Statistik Komputasi28, tidak. 2 (2013): 565-580.
[60]Dijkstra, Theo K., dan Jorg Henseler. "Penaksir PLS yang konsisten dan normal secara asimtotik untuk persamaan
struktural linier."Statistik komputasi & analisis data81 (2015): 10-23.
[61] Henseler, J., Dijkstra, TK, Sarstedt, M., Ringle, CM, Diamantopoulos, A., Straub, DW, Ketchen, DJ, Rambut, J.
F., Hult, GTM, dan Calantone, RJ 2014. Keyakinan dan Realitas Umum tentang Kuadrat Terkecil Sebagian: Komentar
pada Rönkkö & Evermann (2013), Metode Penelitian Organisasi, 17(2): 182-209.

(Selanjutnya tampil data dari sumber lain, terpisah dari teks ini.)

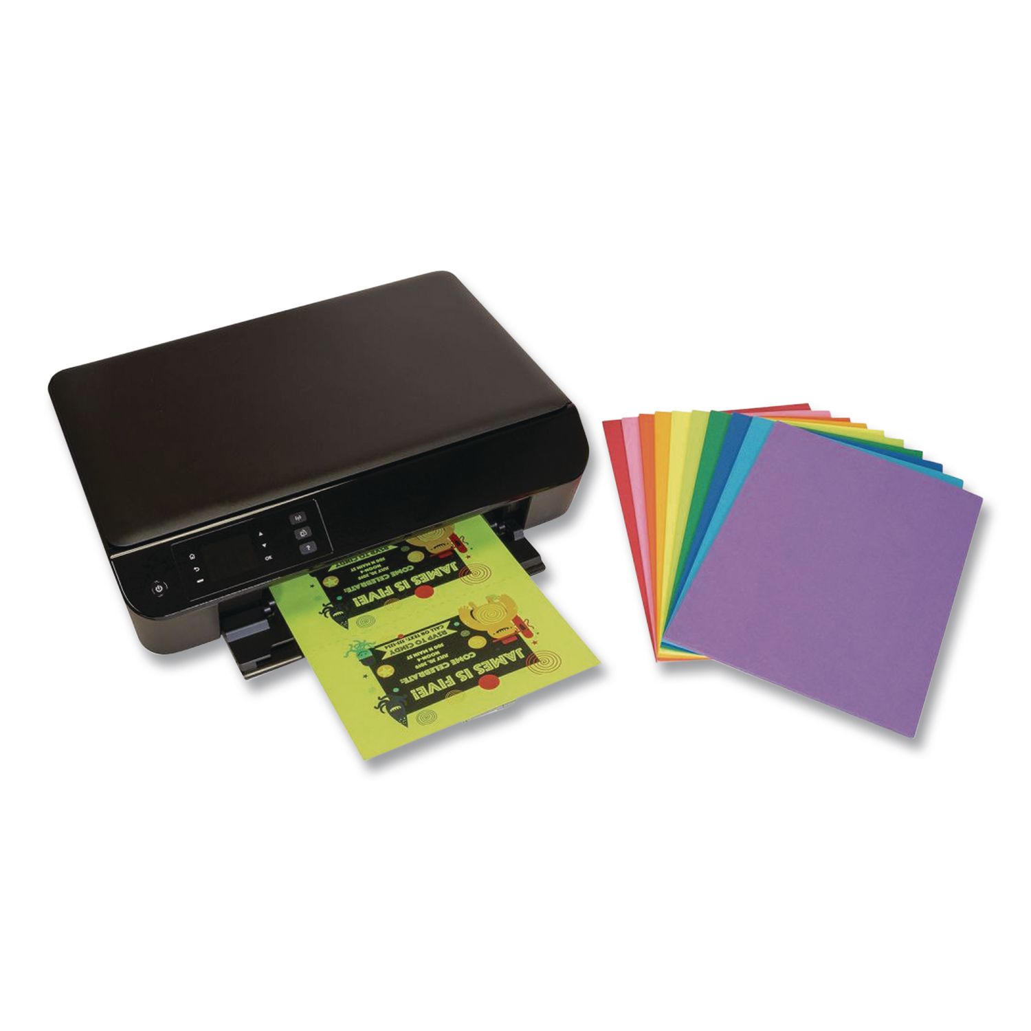 For report covers, flyers, postcards and art projects. Use in printers, copiers or typewriters. Acid-free for archival quality. Assorted Bright Colors. Sheet/Roll Size: 8.5 x 11; Paper Basis Weight (lb): 65 lb Cover; Paper/Media Color(s): Assorted Bright Colors; Color Family: Multicolor.

[62]Hu, Li-tze, dan Peter M. Bentler. "Indeks yang sesuai dalam pemodelan struktur kovarians: Sensitivitas terhadap kesalahan spesifikasi
model yang di bawah parameter."Metode psikologis3, tidak. 4 (1998): 424.
[63]Huang, Jen-Hung, Yu-Ru Lin, dan Shu-Ting Chuang. "Menjelaskan perilaku pengguna pembelajaran seluler: Perspektif model
penerimaan teknologi yang diperluas."Perpustakaan Elektronik25, tidak. 5 (2007): 585-598.

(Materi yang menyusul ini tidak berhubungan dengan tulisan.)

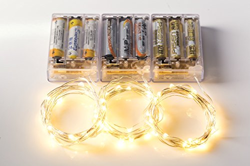 - The sliver coating is build on urltra slim thin copper wire. 7' Total Length with 12'' Clear Cable Lead between wire and battery, 4'' Distance Between LED Bulbs. Requires 3 AA Batteries (Not Included). Timer function: 6 hours on, 18th hours off.

[64]Loes, Chad N., Mark H. Salisbury, dan Ernest T. Pascarella. "Persepsi siswa tentang pengajaran yang efektif dan
pengembangan pemikiran kritis: Sebuah replikasi dan perluasan."Pendidikan yang lebih tinggi69, tidak. 5 (2015): 823-838.
[65]Pascarella, Ernest T., Jui-Sheng Wang, Teniell L. Trolian, dan Charles Blaich. "Bagaimana lingkungan instruksional dan pembelajaran dari
perguruan tinggi seni liberal meningkatkan perkembangan kognitif."Pendidikan yang lebih tinggi66, tidak. 5 (2013): 569-583.

[66] Morris CG, & Maisto AA (2002). Psikologi dan Pendahuluan. New Jersey: Sungai Soldle Atas.